Варю кофе, смятенно обыскиваю щели, в которых иногда можно обнаружить не только тараканов, но и съестные припасы. Внезапно обретаю мандарины и шоколад, коих, кажется, не покупал. Впрочем, кто меня знает? Живу-то как во сне…
Вываливаю угощение на свою единственную тарелку. Стараюсь разместить гостя поудобнее. По счастью, необходимость сидеть по-турецки на тонком одеяле тоже вполне вписывается в его «представления о собственной карме». Веня доволен текущим эпизодом своей жизни. Разливает коньяк по рюмкам, нетерпеливо бьет копытом: дескать, где же обещанные «Едоки»? Выдаю ему первую порцию пробных отпечатков. Мелкие, конечно, но все лучше, чем негативы. Хоть что-то там можно разобрать.
– Это надо увеличить и напечатать, – твердо говорит он минуту спустя. – Негативы-то сохранились? Если добиться пристойного качества, будет почти гениально. Когда соберешься, могу помочь с лабораторией, у меня, будешь смеяться, половина друзей – твои коллеги… Еще давай.
Даю еще. Гляжу на Венину рожу, млею. Словно бы со стороны наблюдаю, как рушится стена, которую я так долго и старательно возводил между собой и реальностью. В приятных эпизодах хочется быть участником, а не рассеянным созерцателем. Как же мало, оказывается, мне нужно!
106. Иктоми
– Ну точно, ангел, – резюмирует наконец мой единственный, но благодарный зритель. – Только ангел может так бурно возмущаться человеческой телесностью.
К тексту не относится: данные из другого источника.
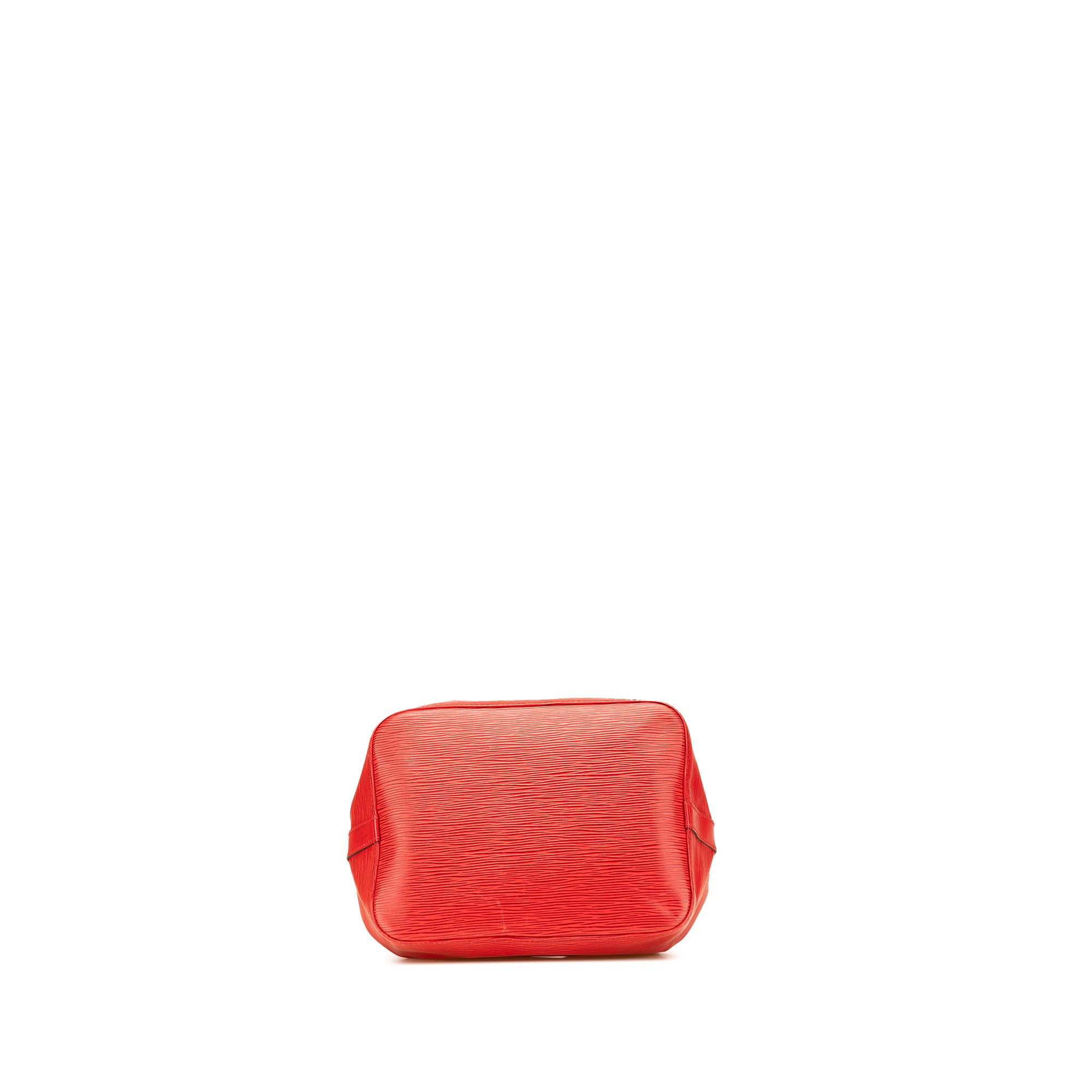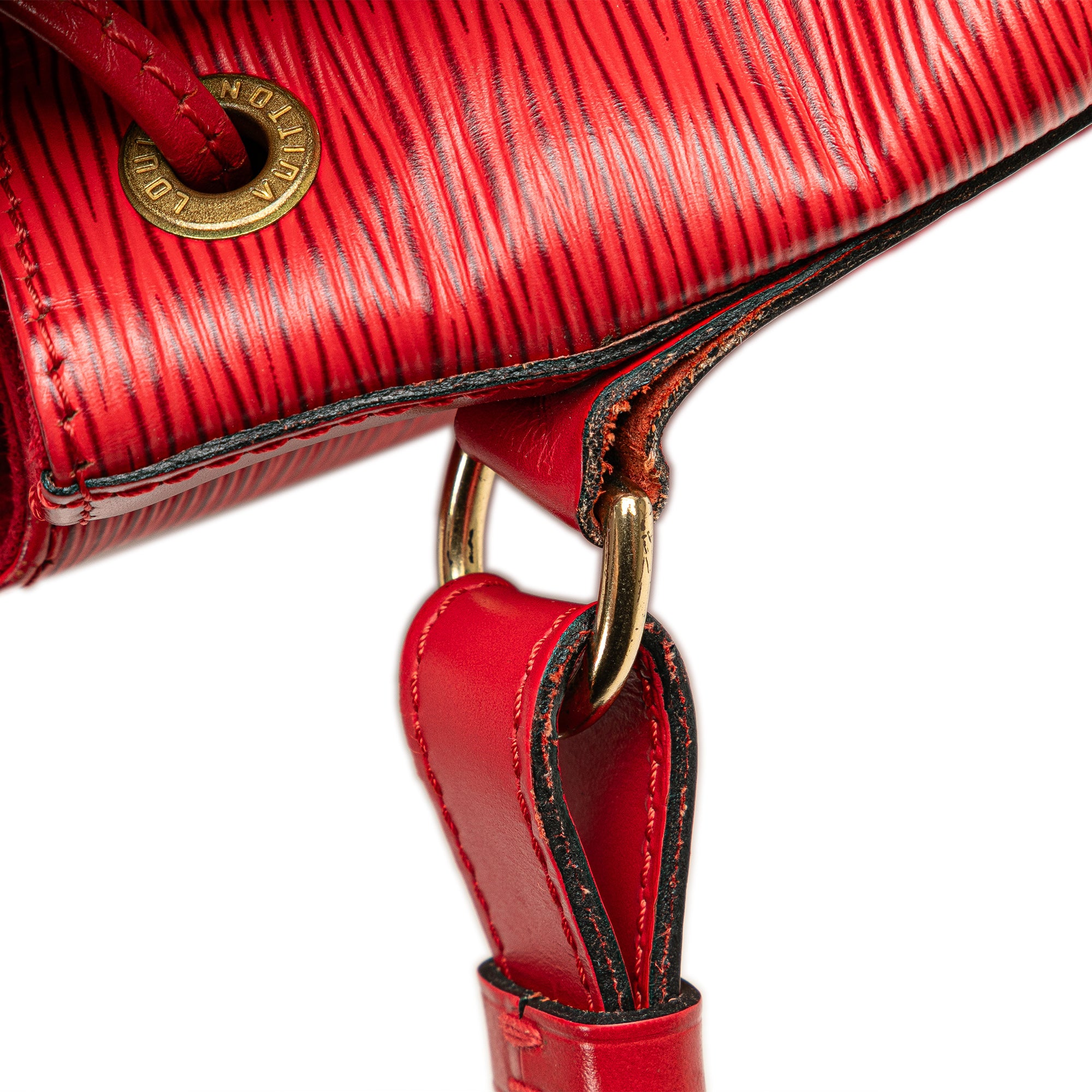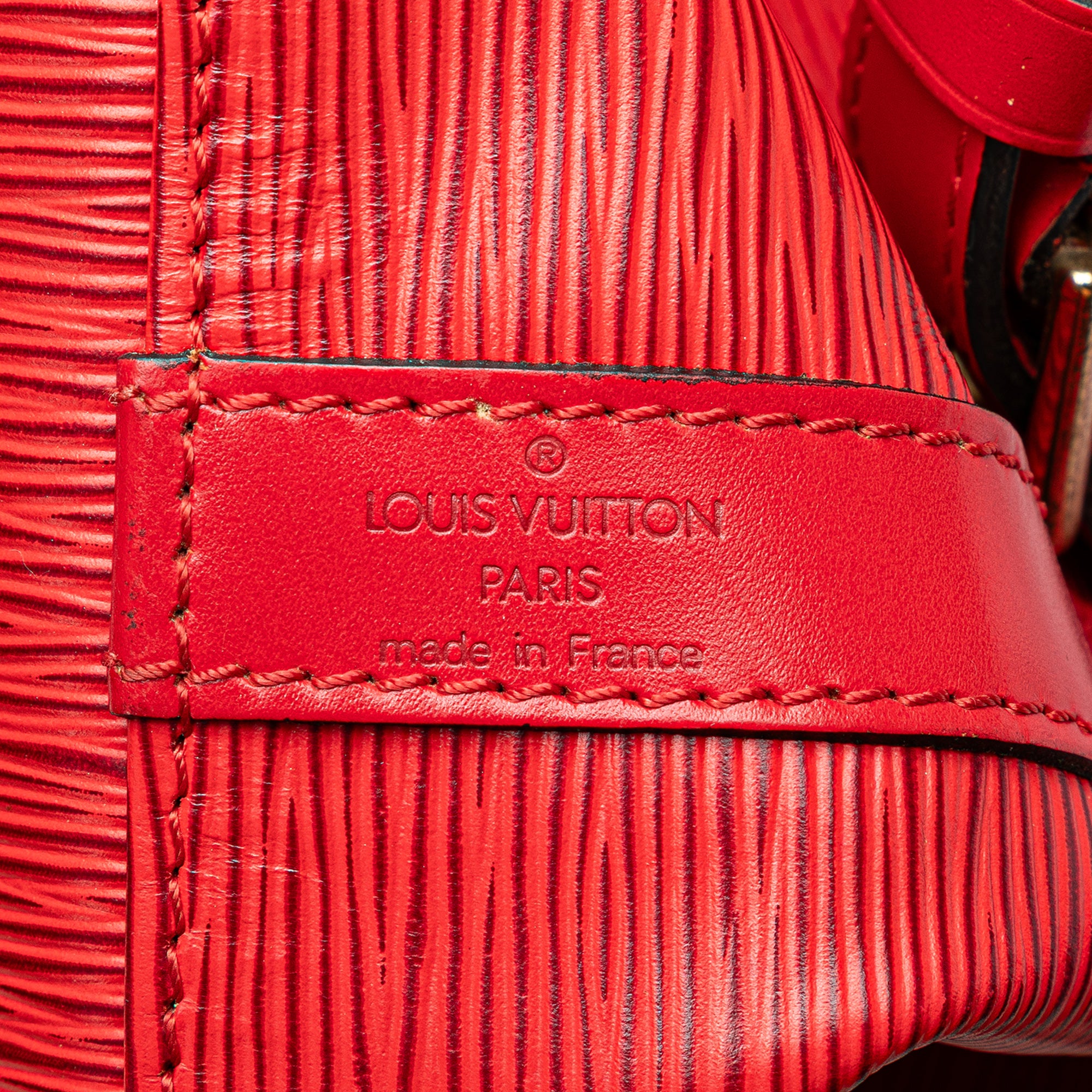 The Petit Noe features an epi leather body, flat leather shoulder straps, and a drawstring closure. Retail Price: 1523.00

На худой конец, идеалист, каких свет не видывал. Фотографии улетные. Но не любишь ты людей, товарищ Максим. Ох не любишь!
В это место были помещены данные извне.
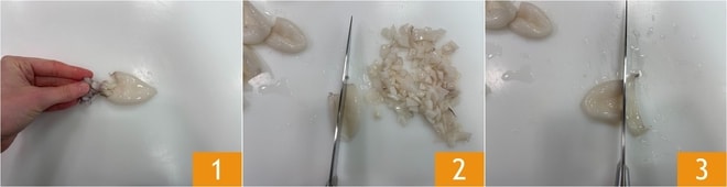 Para preparar el risotto con tinta de sepia, primero asegúrate de que el caldo de pescado esté caliente y que las sepias estén bien limpias. Separa los tentáculos del manto 1 y corta aproximadamente la mitad en trozos 2 y la otra mitad en tiras finas 3.
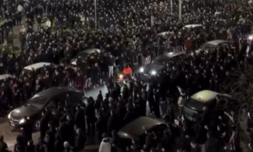 Aceștia au cântat și au aprins torțe în momentul în care mașinile care transportau sicriele au trecut pe lângă ei.
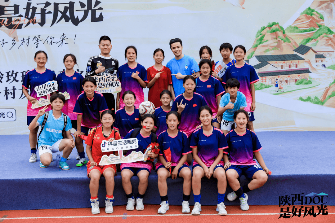 活动期间,项目组邀请了汉中和留坝两地的青少年女足球员们来到营盘村,开展了一场乡村友谊足球。@董老厮、@凡创足球 化身乡村好风光推荐官走进赛场进行实时解说。比赛还在抖音上进行了直播,吸引了17.6万名网友观看。
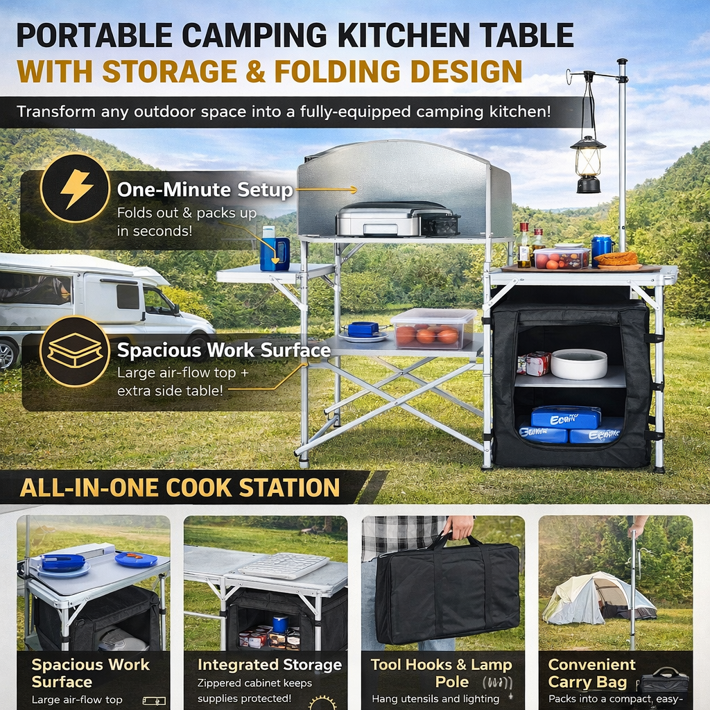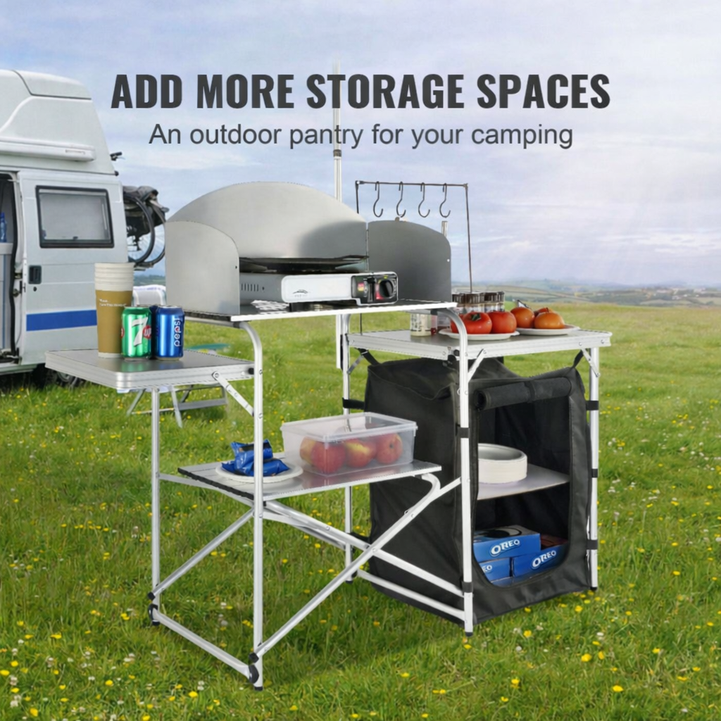 Transform any outdoor space into a fully-equipped kitchen. Perfect for camping, RV adventures, tailgating, and backyard BBQs.
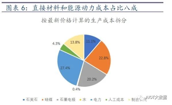 直接材料和能源动力是工业硅主要的成本构成,直接材料包括:硅矿石、石油焦、硅煤、石 墨电极等,能源动力包括:煤炭、电力。以合盛硅业 2021 年工业硅生产成本拆分看,直接材料 占比 46%、能源动力占比 32%。我们按照最新的原材料价格测算新疆工业硅企业成本构成,石英 砂占比 11%、硅煤占比 23%、石墨电极 20%、电力占比 27%。

– Ну почему же не люблю? Фотограф смотрит на мир через объектив – чувствуешь, какой корень у этого слова? То-то же, эту штуку придумали специально для того, чтобы научиться видеть вещи такими, каковы они на самом деле. Все, что я могу, – это констатировать факты, без комментариев. Ничего личного.
Веня доволен.
– Ага, не хочешь признаваться, что человечество своим неопрятным видом разбивает тебе сердце? Мне, впрочем, тоже разбивает, но не до такой же степени… Бедный, бедный Макс!
– Не забывай, это довольно старые снимки. Последний сделан больше года назад.
– Это имеет значение?
– Огромное.
– То есть сейчас ты бы не стал делать такие работы?
– Сейчас я вообще не снимаю. Мой фотоаппарат разбился в ту ночь, когда я приехал в Москву. И я подумал, что это правильно, так и надо. Началась какая-то иная жизнь, отличная от прежней.
– Но теперь у тебя есть этот «Nikon».
– Ага, есть.
– И если ты снова начнешь фотографировать…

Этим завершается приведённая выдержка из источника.